Só agora, politicamente acuado pelos índices de popularidade despencando e porque a magnitude da tragédia brasileira deixa o mundo perplexo, o presidente decidiu ceder à criação de um grupo de trabalho para organizar o combate à pandemia.
Ao contrário de toda a prática de Bolsonaro, que demitiu os então ministros Henrique Mandetta e Nelson Teich por defenderem protocolos científicos, Marcelo Queiroga garantiu que “o compromisso número um é a implementação de uma forte campanha de vacinação”. Ele acrescentou: “Todos sabem o esforço que foi feito para buscar vacinas”. A declaração é uma inverdade.
Informação falsa outra vez
É amplamente reconhecido que, ainda em 2020, o governo recusou um contrato que teria trazido ao país 70 milhões de doses do imunizante da Pfizer. E a opinião pública, grande parte da qual indignada, assistiu a Bolsonaro guerrear contra a CoronaVac, que taxou de “vacina chinesa do Dória”.

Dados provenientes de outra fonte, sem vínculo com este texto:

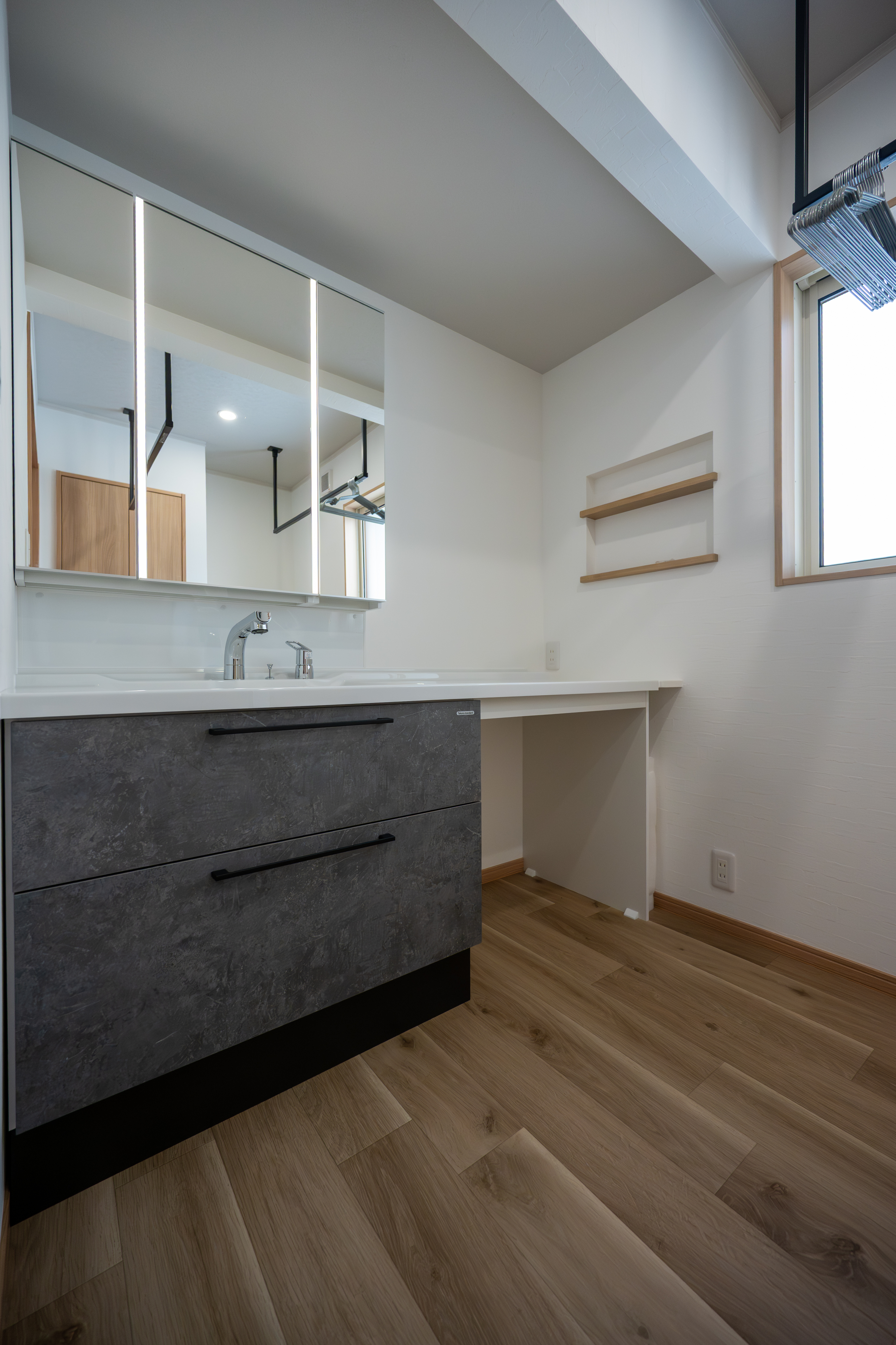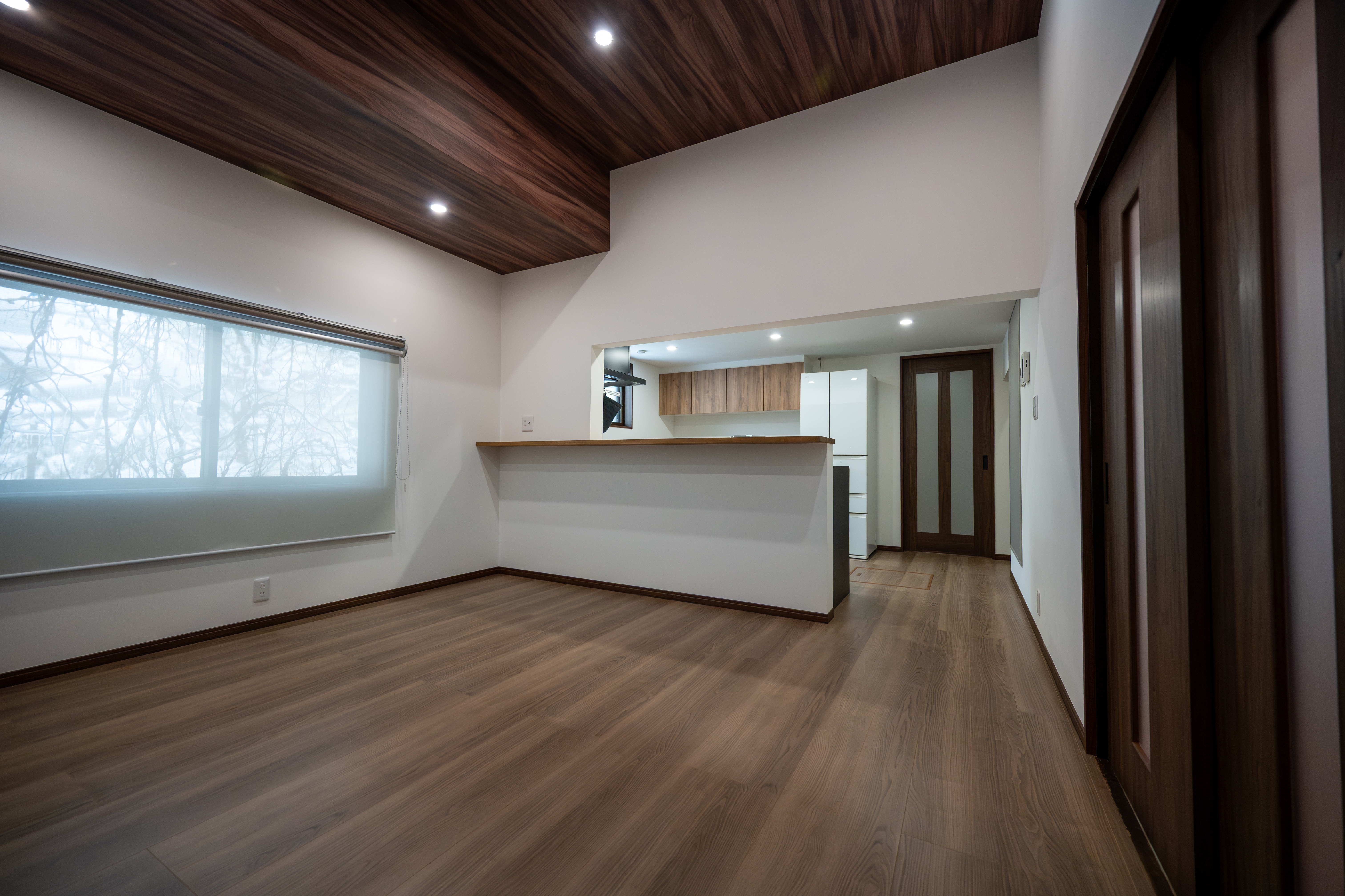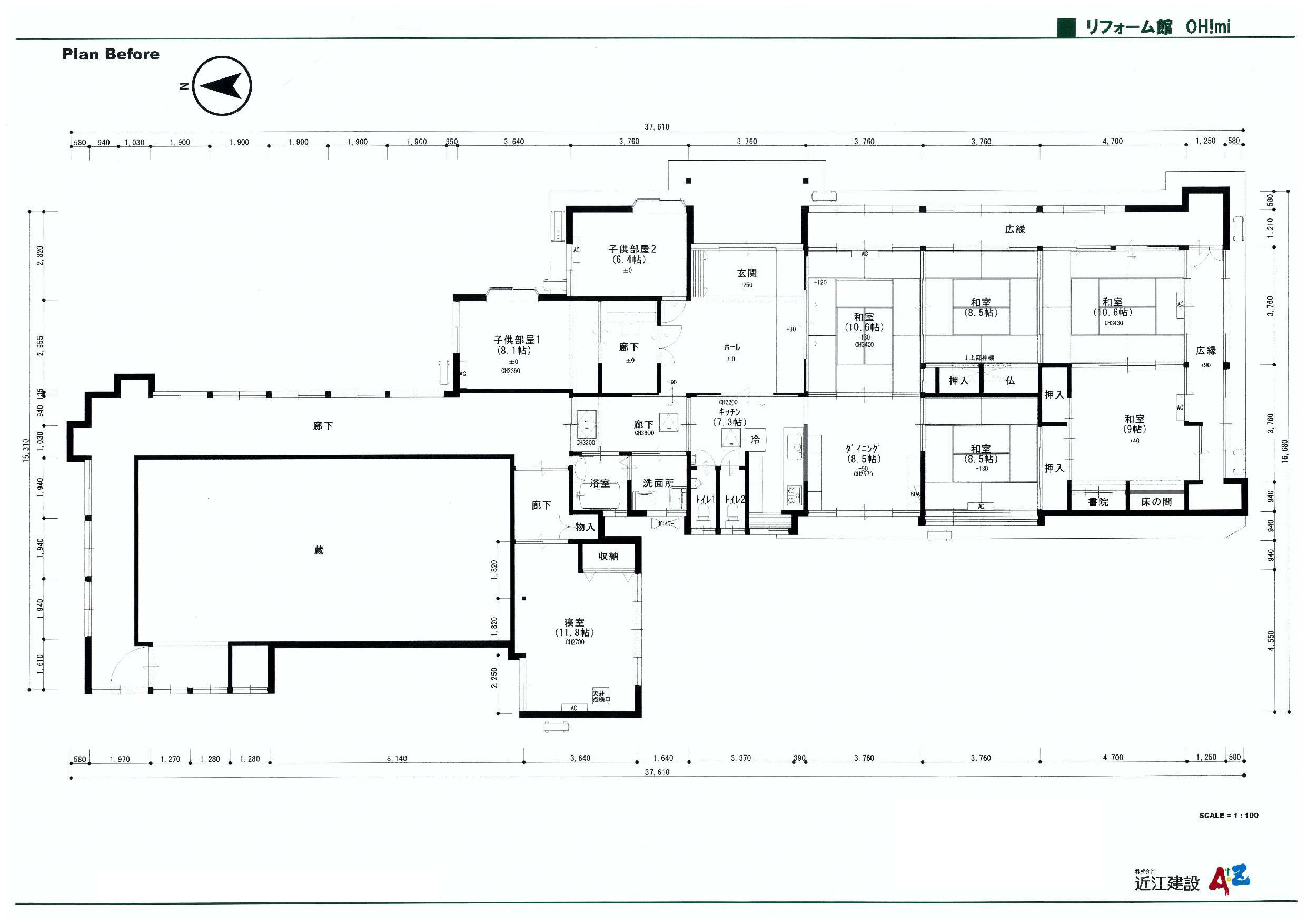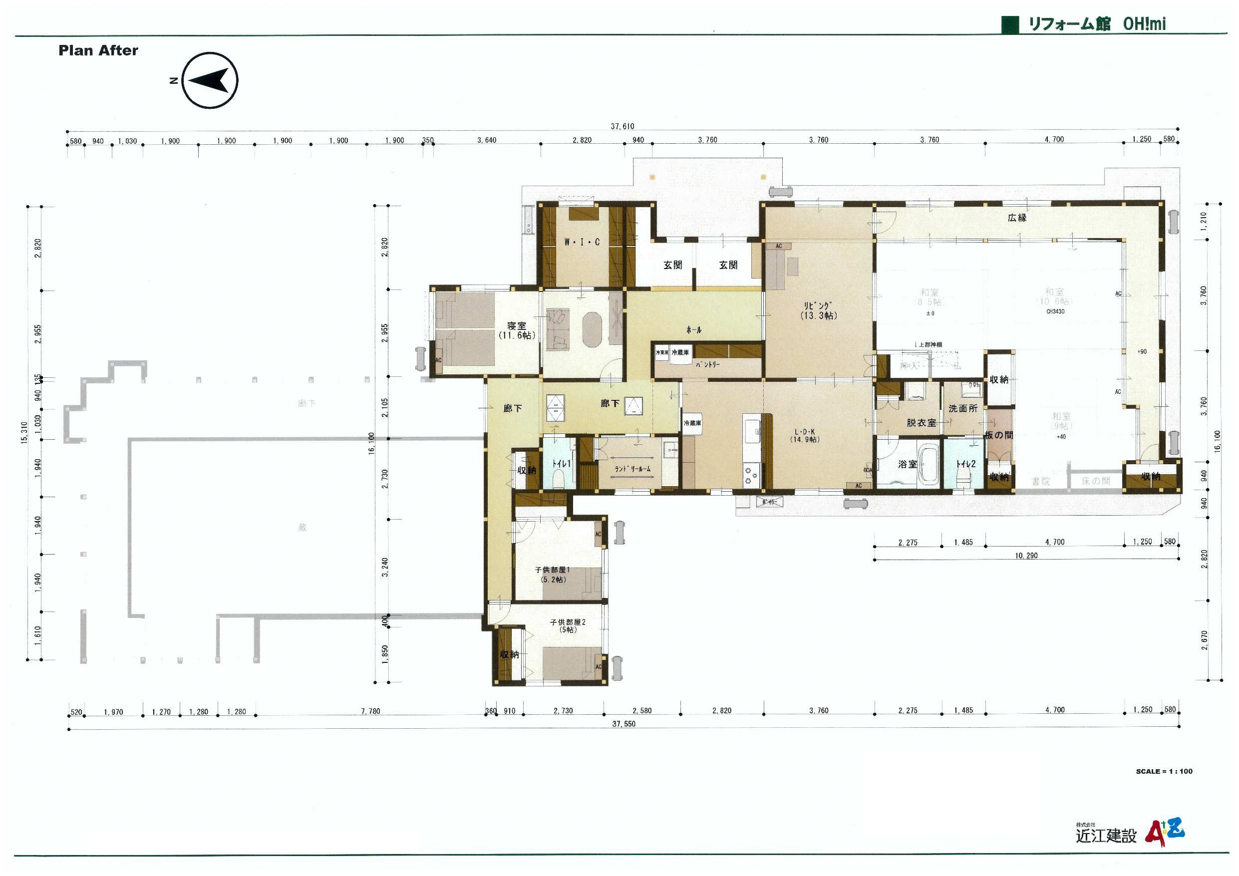 当初お客様は、寝室のすぐ隣がお蔵になっており、結露やカビ等でお悩みでした。また、ご家族でより良い生活ができるよう間取りの変更もご希望されておりました。そこで、まず結露が発生しにくいように断熱リフォームをご提案し、さらに各世帯のお部屋・トイレ・洗面スペースの間に共有スペースであるLDKを配置し、それぞれのプライバシーも、繋がりも大切にした間取りに変更しました。リビングは既存の梁と柱を残しながら、開放感のある高天井の良さを生かした古民家のようなコーディネートを考えてご提案させて頂きました。玄関も旅館のような重厚感のある雰囲気にまとめております。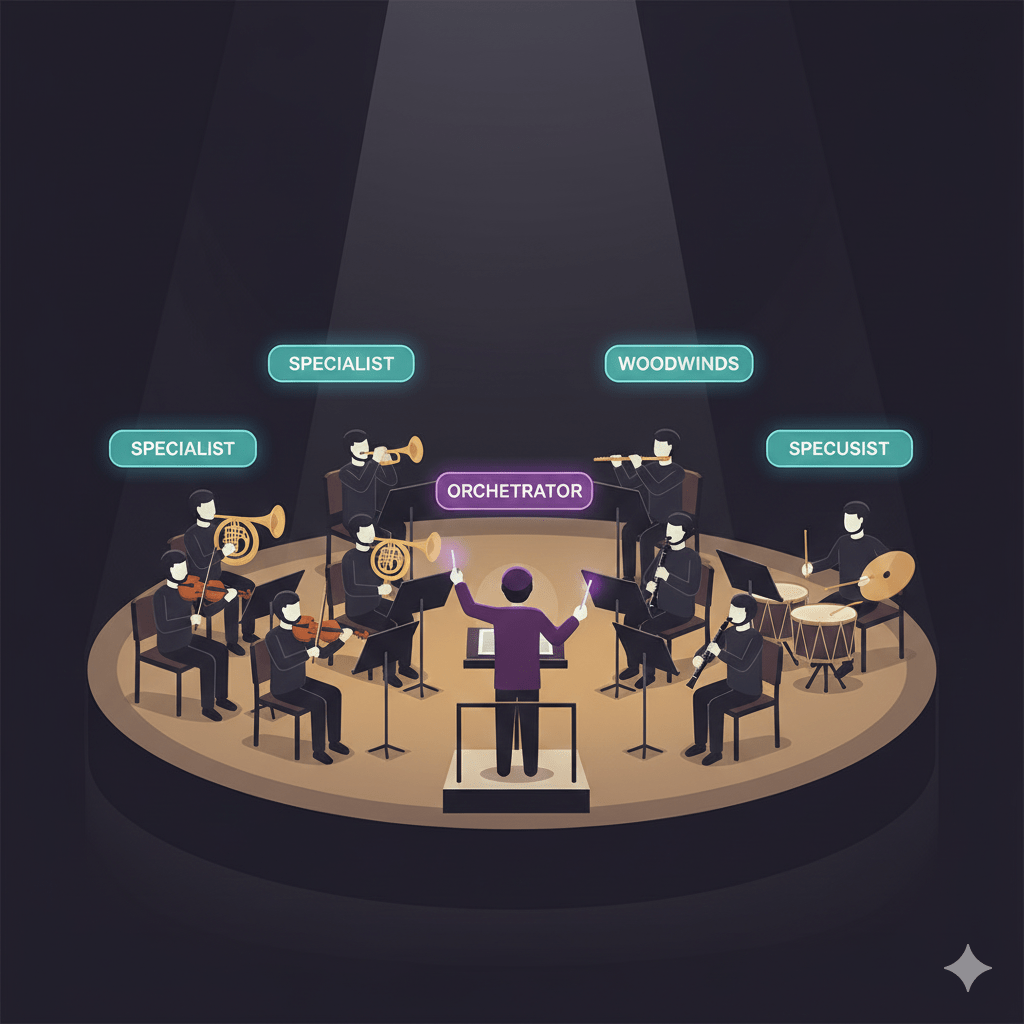 Hãy tưởng tượng một dàn nhạc giao hưởng. Nếu bạn bắt một người nhạc công vừa chơi violin, vừa thổi kèn trumpet, vừa đánh trống, kết quả sẽ là một mớ hỗn độn. Thay vào đó, chúng ta có những chuyên gia (specialists) tập trung vào nhạc cụ của họ, và một nhạc trưởng (conductor) giữ nhịp điệu chung.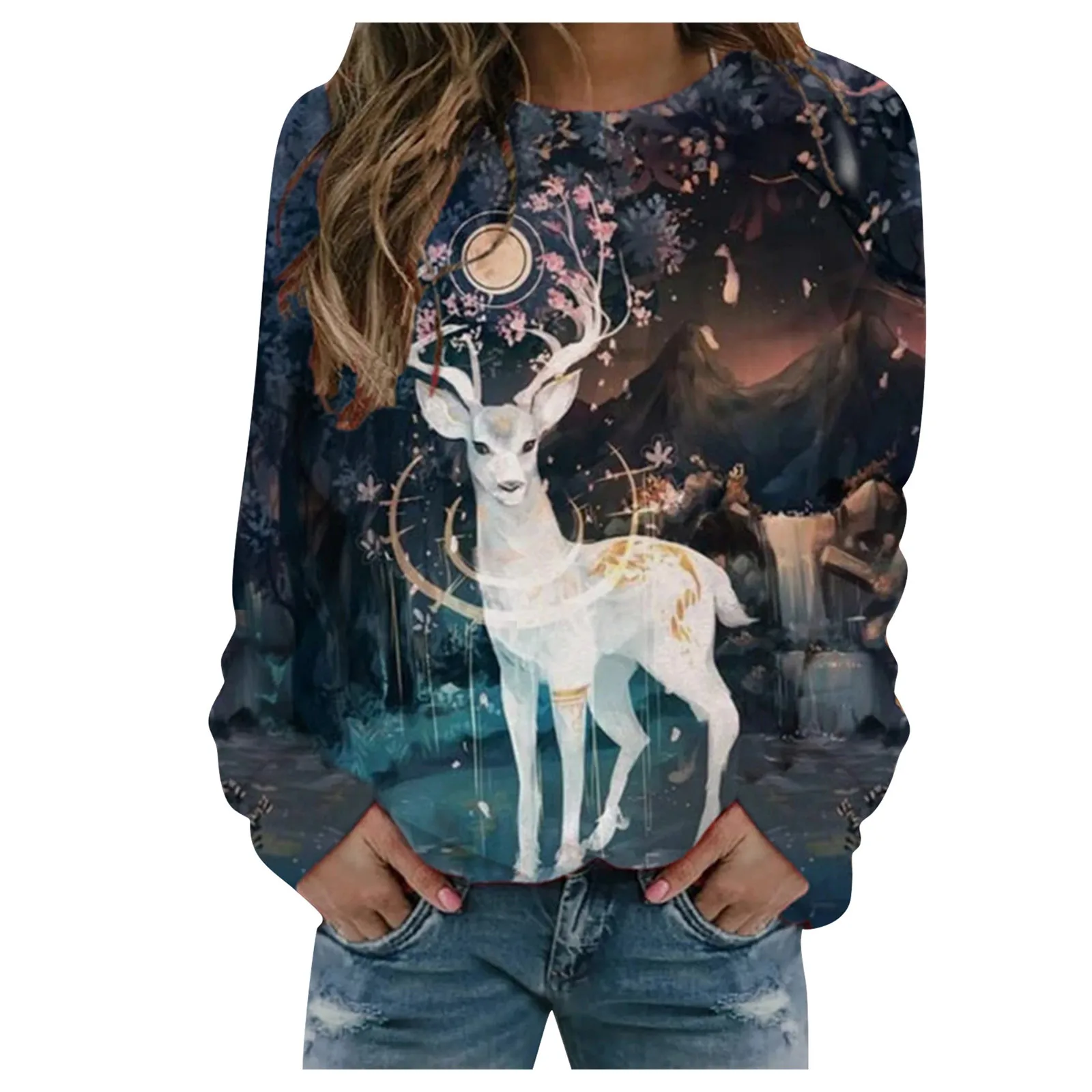Женская футболка с длинным рукавом, с принтом в виде оленя, кота

“O Brasil já é o quinto país em aplicação em vacinas”, acrescentou Queiroga. A informação é falsa. O ministro apenas repetiu a mentira dita por Bolsonaro no pronunciamento de ontem. Segundo o projeto Our World in Data, vinculado à Universidade de Oxford, o país está na 58ª posição na vacinação por habitantes.
Segundo balanço divulgado pela CNN Brasil, o Brasil hoje registra mais mortes diárias do que a população de todos os 27 países da União Europeia (UE) somados. O bloco da Europa tem população de 446 milhões de habitantes, o dobro da brasileira.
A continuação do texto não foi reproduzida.